This stack assembles the best open-source tools from China's AI ecosystem for teams building applications on Chinese model families. ms-swift by ModelScope provides the most comprehensive fine-tuning framework with support for 600+ models and native integration with both ModelScope Hub and Hugging Face, making it the ideal training tool for Qwen, ChatGLM, DeepSeek, and other Chinese model architectures.
Xinference serves as the local inference engine, running LLMs, embedding models, and audio models through an OpenAI-compatible API with a web dashboard for model management. Its support for vLLM, llama.cpp, and transformers backends provides flexibility to optimize for throughput or compatibility depending on the deployment scenario.
Qwen-Agent provides the agent framework optimized specifically for Qwen models, leveraging native function calling, code interpretation, and multimodal capabilities that generic frameworks access less efficiently.
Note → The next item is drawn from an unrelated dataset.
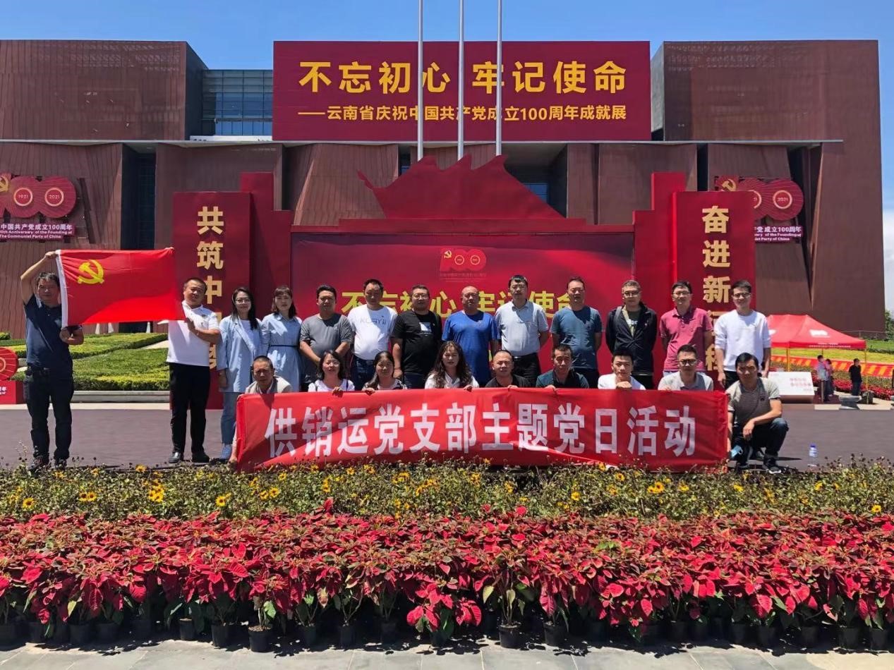 為深入學(xué)習(xí)貫徹習(xí)近平總書記“七一”重要講話精神、推進(jìn)黨史學(xué)習(xí)教育。供銷運(yùn)黨支部于2021年8月20日下午開展“慶祝中國共產(chǎn)黨成立100周年七一主題黨日活動”,前往云南省博物館參觀“不忘初心、牢記使命——云南省慶祝中國共產(chǎn)黨成立100周年成就展”,感悟黨的百年奮斗歷程,汲取繼續(xù)前進(jìn)的智慧和力量。

Built-in tools for web browsing, code execution, and RAG are tuned for Qwen's output format and Chinese language strengths.
FlashMLA from DeepSeek contributes the optimized attention kernels that make serving MLA-based models like DeepSeek-V2 and V3 efficient on NVIDIA GPUs. The latent attention compression reduces KV-cache memory requirements, directly increasing the number of concurrent requests each GPU can handle in production serving.
GPT-SoVITS adds voice capabilities with few-shot voice cloning from seconds of reference audio. The system generates natural Chinese speech with the speaker's characteristics preserved, enabling voice-enabled AI applications, content creation tools, and accessibility features for applications serving Chinese-speaking users.
The entire stack runs on open-source software with all components available under permissive licenses. Teams start with inference through Xinference, add fine-tuning capabilities through ms-swift when customization is needed, build agents through Qwen-Agent for interactive applications, and add voice through GPT-SoVITS for speech-enabled experiences.